Ethical and Policy Dimensions
Beyond statutes, AI and copyright raise pressing ethical concerns:
AI systems rely on massive datasets, often including copyrighted works without consent. This practice raises the issue of indirect appropriation of intellectual property.- Risk of Unintentional Plagiarism
If AI reproduces patterns, phrases, or artistic motifs from its training data, users might unknowingly present derivative or plagiarized content without attribution. - Attribution and Recognition
Even if ownership is unclear, ethical practice may demand disclosing AI assistance, particularly in academia, journalism, and creative industries. - Economic Fairness
If AI-generated works flood the creative marketplace, human creators risk losing economic opportunities. Legal reforms must balance technological efficiency with the protection of artists.
The Indian Debate: A Way Forward
For India, the issue of AI copyright intersects with broader technological and socio-economic realities. India’s IT Act, 2000 emphasizes accountability in digital domains but does not directly address AI authorship. Considering India’s fast-developing AI ecosystem, a forward-looking model may be required. Possible approaches include:
- Introducing special provisions or sui generis rights for AI-assisted works.
- Developing compulsory licensing frameworks for training datasets.
- Requiring mandatory disclosure when AI tools are substantially involved in creating academic or creative content.

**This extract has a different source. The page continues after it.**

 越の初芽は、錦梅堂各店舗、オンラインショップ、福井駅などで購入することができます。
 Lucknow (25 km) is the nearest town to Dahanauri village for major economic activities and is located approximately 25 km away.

- Balancing innovation promotion with creators’ economic justice.
Proposed Approaches in Legal Scholarship
Legal scholars worldwide propose multiple frameworks to address AI authorship dilemmas:
- Human-Centric Model: Copyright only where human contribution is substantial.

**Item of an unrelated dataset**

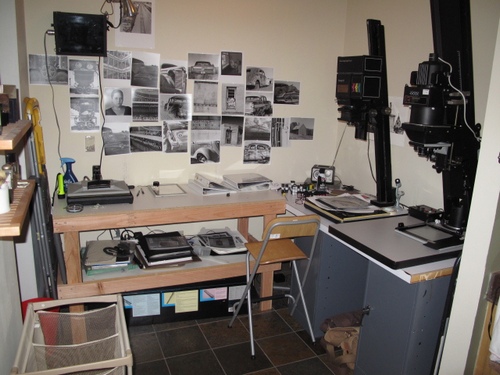 So, here are a couple photos of my humble darkroom. It's not everything I'd like it to be, but I can manage to make prints to 11x14 and hopefully 16x20 soon. I tend to pin 8x10 workprints to the wall (suggestion from Mike Johnston; TOP) as a means of "editing" and it seems to work out well. He said that if you still like it after a few days of looking at it on the wall, there's a good chance it can hold up as a portfolio, or series selection later. Anyway...I've really enjoyed looking over this huge thread and seeing the many MANY different iterations of the traditional darkroom.

- Joint Authorship Model: Recognizing AI as a “collaborator,” but assigning rights to humans guiding the process.
- Sui Generis AI Rights: Creating a distinct intellectual property regime for AI outputs, avoiding distortion of copyright doctrine.
Conclusion
AI-created content transforms the historical discourse on intellectual property by challenging preconceived ideas of originality, authorship and ownership. Although jurisdictions around the world are trying to experiment with flexible approaches, an international common standard has not yet been developed. In the case of India where the creative industries as well as AI technologies are expanding at a high rate, it is only natural to revise the copyright law in the country. This kind of reform, must make sure that innovation is not thwarted and at the same time it should not interfere with the labor, creativity and economic interests of the human authors.
References
- The Copyright Act, 1957 (India).
- U.S. Copyright Office, “Policy Statement on Works Containing AI-Generated Content” (2023).
- Eastern Book Company v. D.B. Modak, (2008) 1 SCC 1.
- UK Copyright, Designs and Patents Act, 1988, Sec. 9(3).
- EU Directive (2019/790) on Copyright in the Digital Single Market.
- Thaler v. Perlmutter, U.S. District Court for D.C. (2023).